» AVAILABLE DATA

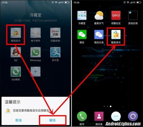 3、想要解除冷藏是我們只需要單擊應用選擇解凍即可,期間有個動畫效果,挺有意思,我們發現應用又回到桌面了。
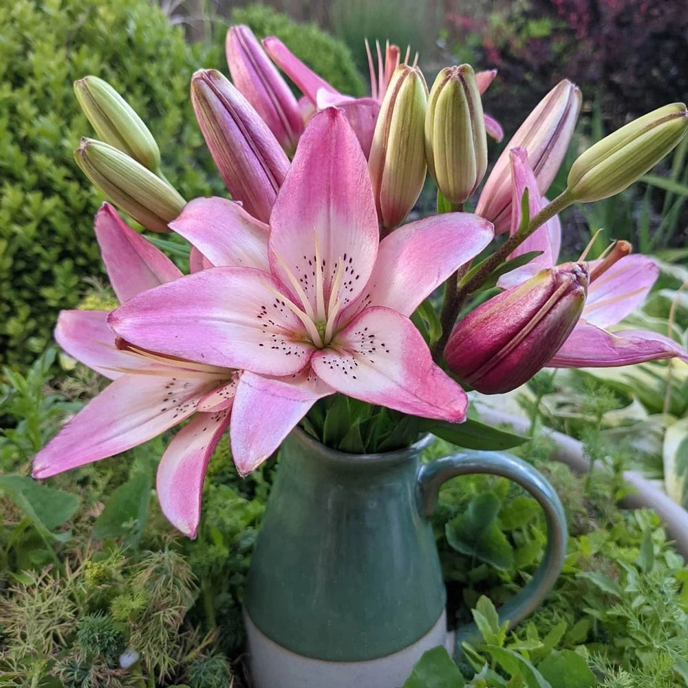 Soft and sweet, the color of this pink Asiatic lily is nothing short of pure romance. Rosella's Dream features true, dusty pink blooms with snowy white accents toward the center. Combine the delicate hue with a lovely shape and you have a lily that is the perfect choice for fresh cut-flower bouquets and arrangements. But Rosella's Dream is just as desirable outdoors, too. Planted in groups along back borders, it flowers beautifully and draws the eye over the entire display. An excellent choice for a butterfly garden, attracting the beneficial insects with ease.
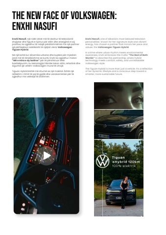 The New Face Of Volkswagen:Enxhi NasufiEnxhi Nasufi, nj%u00eb nd%u00ebr z%u00ebrat m%u00eb t%u00eb dashur t%u00eb televizionit shqiptar dhe figur%u00eb e njohur p%u00ebr stilin dhe energjin%u00eb e saj pozitive, ka zgjedhur t%u00eb ndaj%u00eb p%u00ebrditshm%u00ebrin%u00eb me nj%u00eb partner q%u00eb p%u00ebrfaq%u00ebson sakt%u00ebsisht t%u00eb nj%u00ebjtat vlera: Volkswagen Tiguan Hybrid.N%u00eb nj%u00eb koh%u00eb kur dinamika urbane dhe kujdesi p%u00ebr mjedisin jan%u00eb m%u00eb t%u00eb r%u00ebnd%u00ebsishme se kurr%u00eb, Enxhi ka zgjedhur moton %u201cM%u00eb e mira e dy bot%u00ebve%u201d p%u00ebr t%u00eb p%u00ebrshkruar k%u00ebt%u00eb bashk%u00ebpunim, ku teknologjia hibride takon stilin, rehatin%u00eb dhe sigurin%u00eb q%u00eb vet%u00ebm Volkswagen mund t%u00eb ofroj%u00eb.Tiguan Hybrid %u00ebsht%u00eb m%u00eb shum%u00eb se nj%u00eb makin%u00eb. %u00cbsht%u00eb nj%u00eb reflektim i ritmit t%u00eb saj t%u00eb gjall%u00eb dhe vendosm%u00ebris%u00eb p%u00ebr t%u00eb zgjedhur me vet%u00ebdije t%u00eb ardhmen.Enxhi Nasufi, one of Albania%u2019s most beloved television personalities known for her signature style and vibrant energy, has chosen a partner that mirrors her pace and values: the Volkswagen Tiguan Hybrid.In a time where urban rhythm meets environmental awareness, Enxhi embraces the motto %u201cThe Best of Both Worlds%u201d to describe this partnership, where hybrid technology meets comfort, safety, and unmistakable Volkswagen style.The Tiguan Hybrid is more than just a vehicle. It%u2019s a reflection of her dynamic lifestyle and a conscious step toward a smarter, more sustainable future.
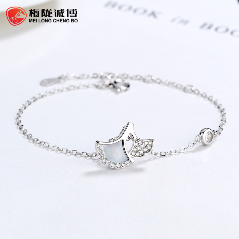 925纯银一贝子手链女韩版简约ins小众设计白贝母扇形手饰七夕礼物
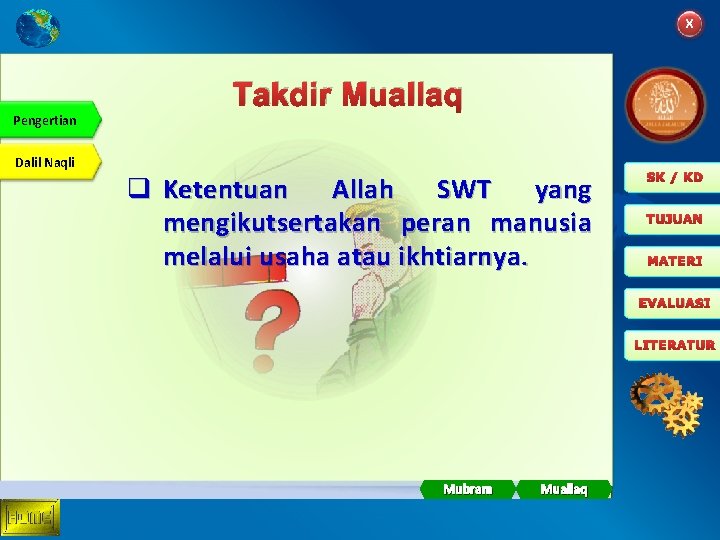 Dengan demikian segala sesuatu yang terjadi tentu ada takdirnya termasuk manusia. Dalam hal ini juga merupakan sebagai keadaan yang tidak sempurna sehingga kehendak Allah SWT dan orang harus menerimanya. Takdir Muallaq dan Takdir Mubram Takdir adalah ketentuan suatu peristiwa yang terjadi di alam raya ini yang meliputi semua sisi kejadiannya baik itu mengenai kadar atau ukurannya tempatnya maupun waktunya.
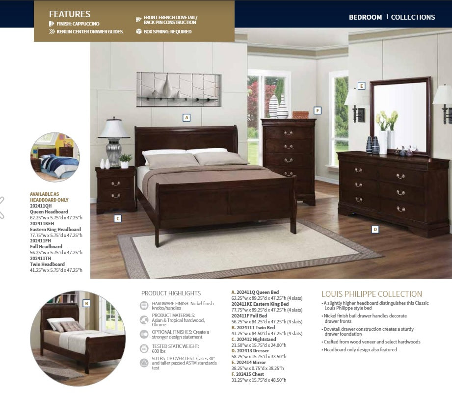 Marry modern and classic design with the rich hues and clean lines from this cappuccino queen bed. Showcasing classic Louis Philippe style, the headboard is slightly higher than the footboard. Geometric shapes constructed from wood veneer and select hardwoods make up the frame. With an exposed wood grain, the warm coloring creates a welcoming aura in a bedroom. Thin, delicate legs complete the sophisticated look.
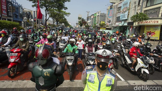 Sejumlah pengendara berhenti sejenak di Jalan Margonda, Depok, Selasa (17/8/2021). Ada Satria Baja Hitam dan pak Polisi juga loh.
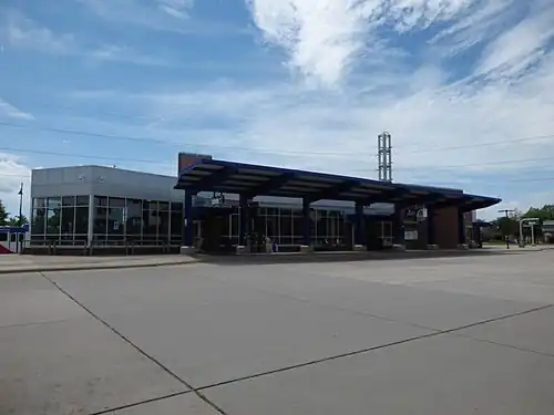 Brooklyn Center Transit Center (BCTC) is a transit center in the Minneapolis suburb of Brooklyn Center, Minnesota. Owned and operated by Metro Transit, it is one of the busiest single boarding locations in the Twin Cities. The transit center is not a park and ride, but provides free 10-minute parking and free outdoor bike racks.[2] June 8, 2019 Metro Transit's second bus rapid transit line, the Metro C Line, opened with Brooklyn Center Transit Center as the line's northern terminus.[3][4] The Metro D Line opened in December 2022, also using the center as its northern terminus. The transit center opened December 4, 2004 and cost $1.9 million.[5] Before opening of the C Line, charging stations were installed for end-of-the-line charging of 8 battery electric buses used on the C Line and D Line.[6]

» EXERCISE DESCRIPTION
Transcribe all the entries precisely. Do not include any picture.

» ANSWER
 3、想要解除冷藏是我們只需要單擊應用選擇解凍即可,期間有個動畫效果,挺有意思,我們發現應用又回到桌面了。
 Soft and sweet, the color of this pink Asiatic lily is nothing short of pure romance. Rosella's Dream features true, dusty pink blooms with snowy white accents toward the center. Combine the delicate hue with a lovely shape and you have a lily that is the perfect choice for fresh cut-flower bouquets and arrangements. But Rosella's Dream is just as desirable outdoors, too. Planted in groups along back borders, it flowers beautifully and draws the eye over the entire display. An excellent choice for a butterfly garden, attracting the beneficial insects with ease.
 The New Face Of Volkswagen:Enxhi NasufiEnxhi Nasufi, nj%u00eb nd%u00ebr z%u00ebrat m%u00eb t%u00eb dashur t%u00eb televizionit shqiptar dhe figur%u00eb e njohur p%u00ebr stilin dhe energjin%u00eb e saj pozitive, ka zgjedhur t%u00eb ndaj%u00eb p%u00ebrditshm%u00ebrin%u00eb me nj%u00eb partner q%u00eb p%u00ebrfaq%u00ebson sakt%u00ebsisht t%u00eb nj%u00ebjtat vlera: Volkswagen Tiguan Hybrid.N%u00eb nj%u00eb koh%u00eb kur dinamika urbane dhe kujdesi p%u00ebr mjedisin jan%u00eb m%u00eb t%u00eb r%u00ebnd%u00ebsishme se kurr%u00eb, Enxhi ka zgjedhur moton %u201cM%u00eb e mira e dy bot%u00ebve%u201d p%u00ebr t%u00eb p%u00ebrshkruar k%u00ebt%u00eb bashk%u00ebpunim, ku teknologjia hibride takon stilin, rehatin%u00eb dhe sigurin%u00eb q%u00eb vet%u00ebm Volkswagen mund t%u00eb ofroj%u00eb.Tiguan Hybrid %u00ebsht%u00eb m%u00eb shum%u00eb se nj%u00eb makin%u00eb. %u00cbsht%u00eb nj%u00eb reflektim i ritmit t%u00eb saj t%u00eb gjall%u00eb dhe vendosm%u00ebris%u00eb p%u00ebr t%u00eb zgjedhur me vet%u00ebdije t%u00eb ardhmen.Enxhi Nasufi, one of Albania%u2019s most beloved television personalities known for her signature style and vibrant energy, has chosen a partner that mirrors her pace and values: the Volkswagen Tiguan Hybrid.In a time where urban rhythm meets environmental awareness, Enxhi embraces the motto %u201cThe Best of Both Worlds%u201d to describe this partnership, where hybrid technology meets comfort, safety, and unmistakable Volkswagen style.The Tiguan Hybrid is more than just a vehicle. It%u2019s a reflection of her dynamic lifestyle and a conscious step toward a smarter, more sustainable future.
 925纯银一贝子手链女韩版简约ins小众设计白贝母扇形手饰七夕礼物
 Dengan demikian segala sesuatu yang terjadi tentu ada takdirnya termasuk manusia. Dalam hal ini juga merupakan sebagai keadaan yang tidak sempurna sehingga kehendak Allah SWT dan orang harus menerimanya. Takdir Muallaq dan Takdir Mubram Takdir adalah ketentuan suatu peristiwa yang terjadi di alam raya ini yang meliputi semua sisi kejadiannya baik itu mengenai kadar atau ukurannya tempatnya maupun waktunya.
 Marry modern and classic design with the rich hues and clean lines from this cappuccino queen bed. Showcasing classic Louis Philippe style, the headboard is slightly higher than the footboard. Geometric shapes constructed from wood veneer and select hardwoods make up the frame. With an exposed wood grain, the warm coloring creates a welcoming aura in a bedroom. Thin, delicate legs complete the sophisticated look.
 Sejumlah pengendara berhenti sejenak di Jalan Margonda, Depok, Selasa (17/8/2021). Ada Satria Baja Hitam dan pak Polisi juga loh.
 Brooklyn Center Transit Center (BCTC) is a transit center in the Minneapolis suburb of Brooklyn Center, Minnesota. Owned and operated by Metro Transit, it is one of the busiest single boarding locations in the Twin Cities. The transit center is not a park and ride, but provides free 10-minute parking and free outdoor bike racks.[2] June 8, 2019 Metro Transit's second bus rapid transit line, the Metro C Line, opened with Brooklyn Center Transit Center as the line's northern terminus.[3][4] The Metro D Line opened in December 2022, also using the center as its northern terminus. The transit center opened December 4, 2004 and cost $1.9 million.[5] Before opening of the C Line, charging stations were installed for end-of-the-line charging of 8 battery electric buses used on the C Line and D Line.[6]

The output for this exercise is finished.